Best structure for an Hdf5 file to store historical data and how to access quickly from python


#1

I have equity options historical data, now in csv files - one file for each
day, that I'd like to store in one or multiple h5 files for efficient
resource usage and fast access. One row of data is about a dozen columns
(date, symbol name, options characteristics (maturiy, exercise price
etc..), price (open/high/low/close), volume + some other infos). One day is
about 700,000 rows accross 4,000 different symbols.

Now here's the thing, I'd like to be able to quickly retrieve the data in
"both directions", meaning: - request for a specific day, all options on a
particular symbol or list of symbols - request for a specific option (or
option list) the time series of historical prices between two dates.

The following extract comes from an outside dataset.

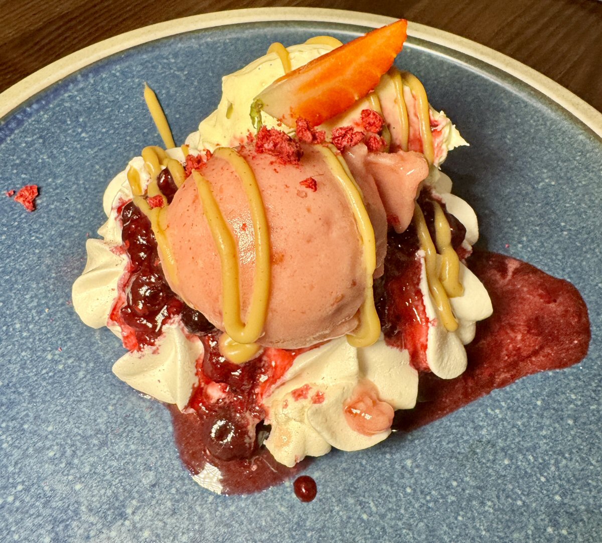 When our server returned after clearing our mains away, having given us time to study the pudding selection, Mummy immediately stated that she was having the Christmas Pudding and Brandy Crème Anglaise, before anyone else could call ‘dibs’ on it! I had really wanted the Steamed Ginger Pudding…until I saw the Banoffee Sauce: gip central. I cannot stomach Banana in any guise, and the feeling is mutual! Instead, I chose the Winter Pavlova with winter Berry Compote, Vanilla Chantilly Cream, Orange Sorbet and a decadent Caramel Sauce. Returning to an old favourite, His Nibs had the Dark Chocolate and Passionfruit Mousse, with Strawberry Compote and Vegan Honeycomb Crumb.

What would be the ideal structure of the data? One vs multiple files? Group
hierarchy? Python modules you recommend for accessing the data? (ideally
pandas)

I tried a first implementation creating for each day a Pandas DataFrame
indexed by symbol name and then storing it under a separate h5 file under
one root group 'OPTIONS' Then to access the data on a specific day for a
specific symbol list, I would do :

h5 = pd.HDFStore(filename)

opt_df = h5['OPTIONS'].ix[symbol_list]

I would then slice opt_df using masks to finally get the options I really
want.

The problem though is: - I usually need only to access a small fraction of
the 4,000 symbols (typically a couple at a time) and with this method it
loads the whole daily file in a DataFrame which causes significant overhead
- Although it is reasonably fast if I just need data for a specific day, it
becomes extremely painful if I want to access a specific contract over a
period of time as I would then have to load the file for each of the
requested dates.

How would you implement this? Also keep in mind that I am constantly adding
more data (every day).

Thanks a lot for your help


#2

Hi,

Did you try to hash all strings into numerics, which you can use later for
indexing (symbols); name data blocks for example: 2014-01-01.mat ?

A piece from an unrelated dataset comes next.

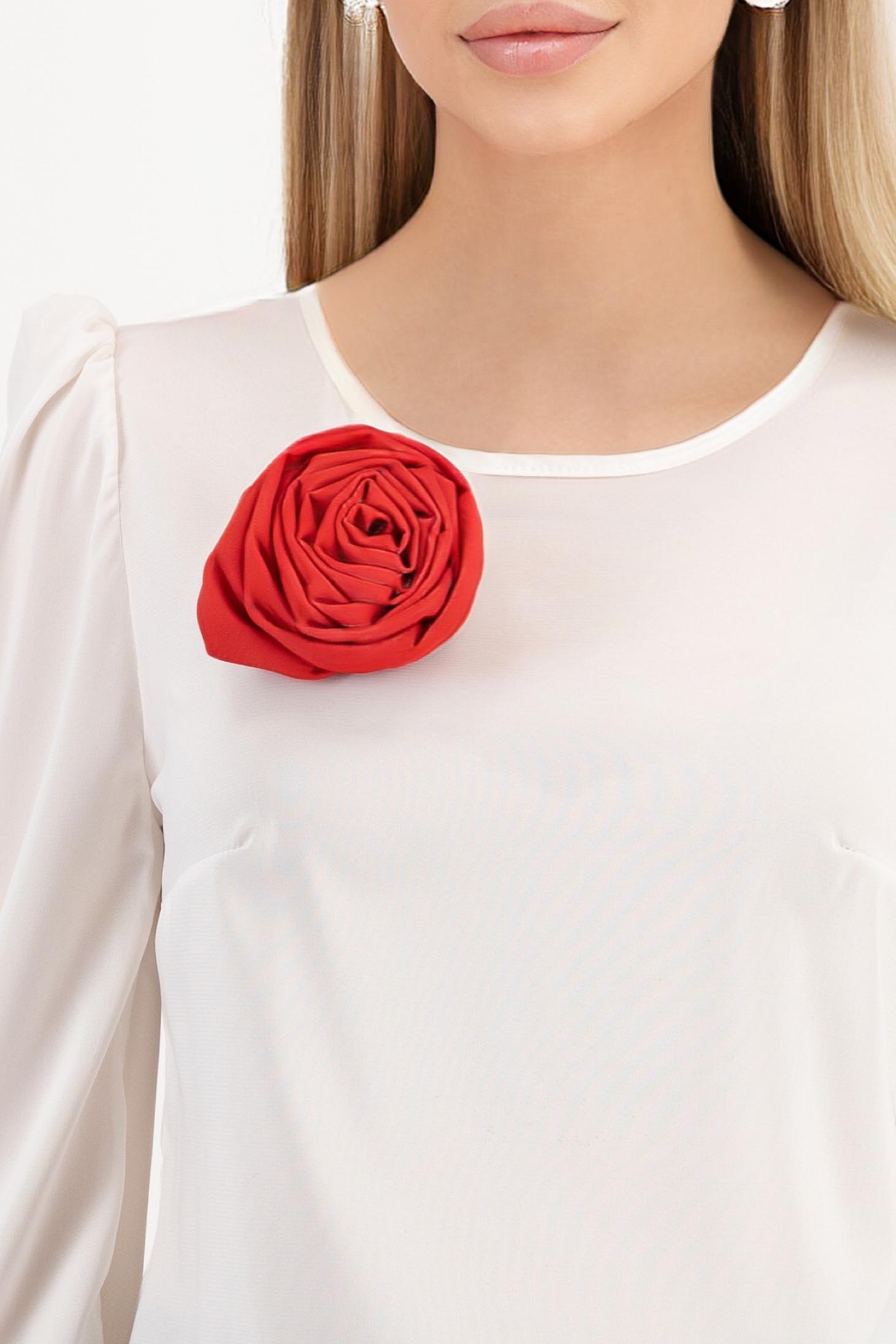 - Crvena maxi cvjetna broša u obliku ruže, izrađena od tankog, lagano elastičnog materijala. Pričvršćuje se zatvaračem.

Adding chunking and setting the compression filter high covers performance
versus space complexity.

The data blocks should be layed out carefully: irregular series treated
differently from regular time series as indexing the later is a breeze.

For irregular time series you may use hdf5 custom data type with pocket
tables, this allows high speed serial access. For regular time series n
dimensional slabs of some data type fits better. As an example for candle
data: instrument:time:OHLC can do well with float type.

My set up is somewhat different from yours as it includes a parallel
filesystem + cluster +MPI+ phdf5 C api. The data size is much same.
Throughput/space is superb to SQL based approach.

Steve

···

On Oct 27, 2014 8:46 AM, "Dan E" <happydejd@gmail.com> wrote:

I have equity options historical data, now in csv files - one file for
each day, that I'd like to store in one or multiple h5 files for efficient
resource usage and fast access. One row of data is about a dozen columns
(date, symbol name, options characteristics (maturiy, exercise price
etc..), price (open/high/low/close), volume + some other infos). One day is
about 700,000 rows accross 4,000 different symbols.

Now here's the thing, I'd like to be able to quickly retrieve the data in
"both directions", meaning: - request for a specific day, all options on a
particular symbol or list of symbols - request for a specific option (or
option list) the time series of historical prices between two dates.

What would be the ideal structure of the data? One vs multiple files?
Group hierarchy? Python modules you recommend for accessing the data?
(ideally pandas)

I tried a first implementation creating for each day a Pandas DataFrame
indexed by symbol name and then storing it under a separate h5 file under
one root group 'OPTIONS' Then to access the data on a specific day for a
specific symbol list, I would do :

h5 = pd.HDFStore(filename)

opt_df = h5['OPTIONS'].ix[symbol_list]

I would then slice opt_df using masks to finally get the options I really
want.

The problem though is: - I usually need only to access a small fraction of
the 4,000 symbols (typically a couple at a time) and with this method it
loads the whole daily file in a DataFrame which causes significant overhead
- Although it is reasonably fast if I just need data for a specific day, it
becomes extremely painful if I want to access a specific contract over a
period of time as I would then have to load the file for each of the
requested dates.

How would you implement this? Also keep in mind that I am constantly
adding more data (every day).

Thanks a lot for your help

_______________________________________________
Hdf-forum is for HDF software users discussion.
Hdf-forum@lists.hdfgroup.org

http://mail.lists.hdfgroup.org/mailman/listinfo/hdf-forum_lists.hdfgroup.org
Twitter: https://twitter.com/hdf5


#3

“the best” of course depends very strongly on your use cases.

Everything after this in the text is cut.